Leave no child. The massacre was not a battle. It was an extermination.
Before the horror can fully settle in my lungs, the silver light of the crystal is abruptly, violently swallowed by a suffocating dark.
The temperature in the vault plummets. The scent of ozone and aggressive, toxic decay floods the confined space.
Khaelor stands in the doorway.
The sheer breadth of his shoulders blocks the exit.
The black and gold veins on his neck are pulsing with a frantic, lethal rhythm.
For a second, the image from my dream superimposes over reality—the memory of his phantom heat, the sensual, devastating gravity of his body.
The awareness spikes in my blood, a sharp, physical pull that clashes violently with the freezing terror of his actual presence.
His molten amber eyes sweep over the glowing crystal, then snap to me. The anger in his gaze is an abyss.
"Get out," he commands. The words are heavy stones dropping into a bottomless well. "This chamber is restricted to bloodline members. You trespass in a grave, Mireya."
I do not step back. The echoes of slaughtered witches are still screaming in the silence of the room. The stubborn defiance that kept me alive in the Undercity rises, hot and unyielding in my chest.
"A grave for your family, or a monument to the people they butchered?" I challenge, my voice echoing off the crystalline walls.
Khaelor’s jaw locks. The air pressure crushes inward, the magic weeping from his skin threatening to crack the suspended prisms.
"Do not speak of politics your human sensibilities cannot comprehend," he warns, taking a single, predatory step into the room.
The distance between us closes. The tension simmering in the room is a live wire, thick with the unsaid truths of the courtyard, the lingering heat of my dream, and the blood-soaked history of his name.
"It is not politics, Khaelor. It is an atrocity." I refuse to look away from the catastrophic ruin of his face. "She ordered the slaughter of children. Did you condone it? Did you march with them?"
The silence that follows is agonizing. I wait for the deflection, for the aristocratic justification of the Dark Elves. I wait for him to defend his name.
Instead, the volatile light beneath his skin flickers, dimming into a hollow, bruised glow. The towering, lethal monster seems to fracture, leaving only a man crushed beneath a century of isolation.
"I was an envoy," he says, the words tearing from his throat like rusted blades. He does not yell. The quiet devastation in his tone is infinitely worse. "I spent six months in the deep eastern caverns, brokering trade routes for the High Court. I secured a peace treaty."
He takes another step. The heat of his body washes over me, close enough that I can see the microscopic tremors in his clenched fists.

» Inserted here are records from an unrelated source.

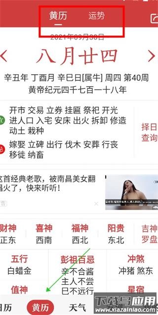 2、黄历——切换到黄历页面,可以查看当天黄历详情与运势提示;
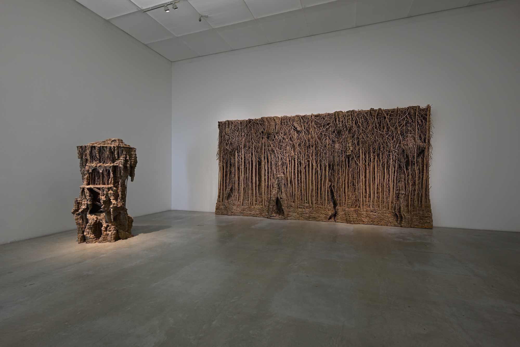 長谷川 では早速会場に入りましょう。エヴァ・ジョスパン《パラティンの森》です。彼女はダンボールを素材に森を作りますが、ディティールを見ていくと樹木や洞穴が合わさっていて没入感がある。「森があらゆるものを呑み込んでいく」と彼女は言います。よく見ると全部リューターやカッターで作っていて、クラフトの枠には収まらない驚異的な創造力を感じます。また、パースペクティブを刺激する奥行きを感じられるのもポイントです。「ものの表層」ではなく、その奥へ誘う感覚を呼び起こします。
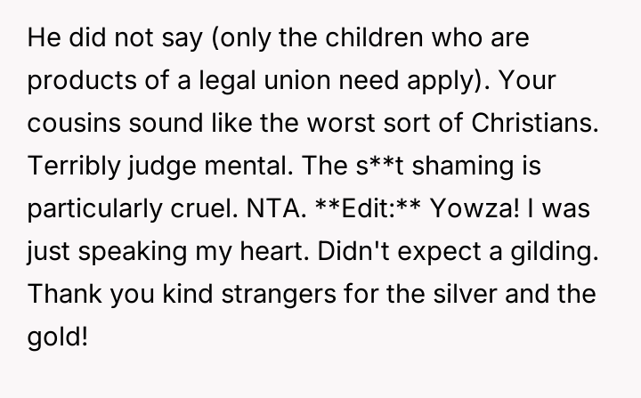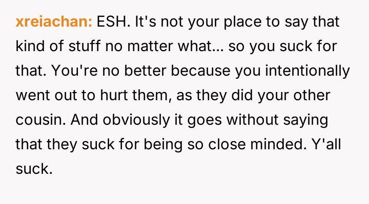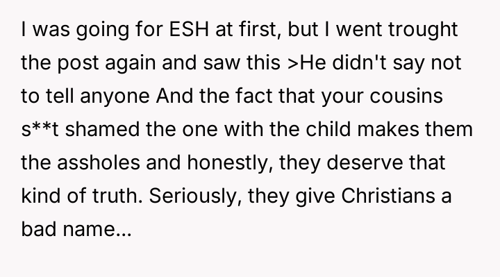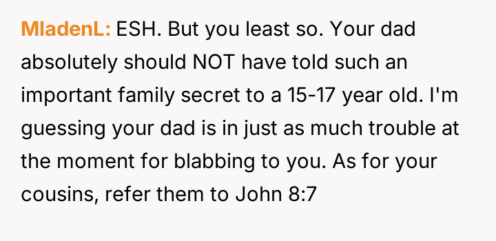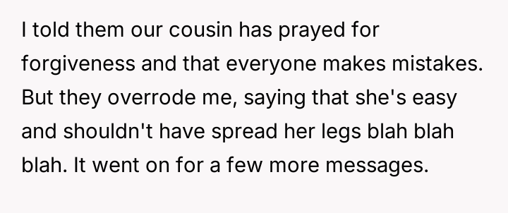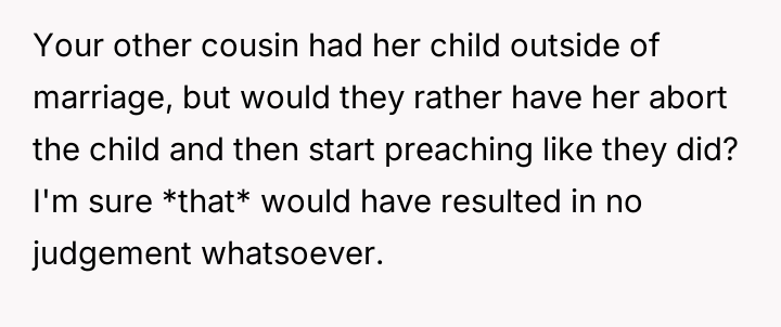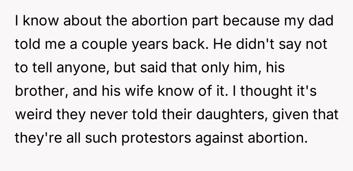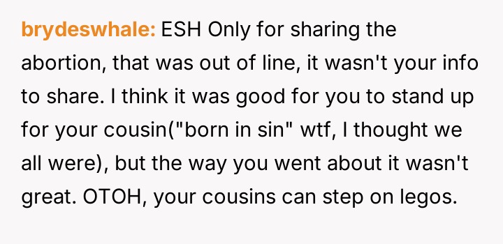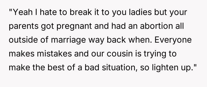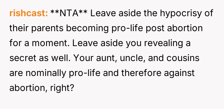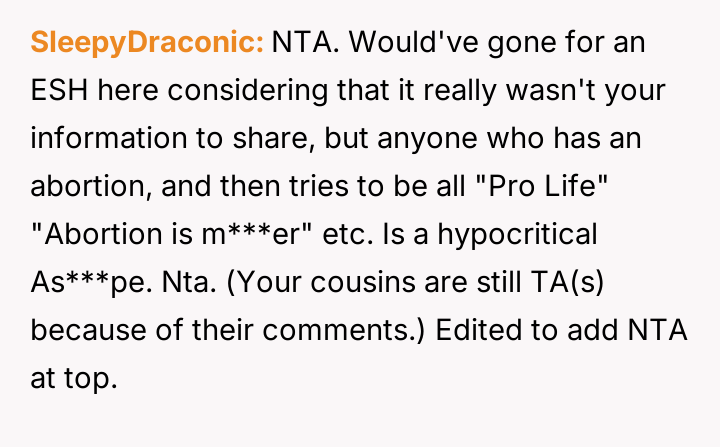 The original poster (OP) acted out of a desire to defend their cousin against harsh judgment from their cousins, revealing a sensitive family secret about an abortion to counter the hypocrisy they perceived.

"I returned to the Undercity to celebrate a peace that was already dead," he whispers, his amber eyes searing into mine, stripping away the monster to reveal the raw, bleeding wound beneath. "I walked through the iron gates of this estate. I called for my mother. For my sisters."
The air in the vault turns razor-thin.
"I found them in the grand foyer," Khaelor continues, his voice devoid of all light.
"I watched my mother—a woman so ruthless she would cull her own children if she deemed them useless—and my innocent sisters melt into wet ash upon the floorboards.
I grieved the slaughter of my sisters and the absolute eradication of my bloodline. "
A cold horror sinks into my bones. He was not the architect. He was the witness.
Khaelor looks down at his own hands, at the lethal, corrupted magic weeping from his pores. "I did not wield the blade against the Blackflame, Mireya. I did not know the order was given. But the witch, the Purna, who cast this curse upon my bloodline..."
He looks back at me, the gravity of his suffering an inescapable snare.
"...made absolutely certain that I would wear the ashes of the massacre for eternity."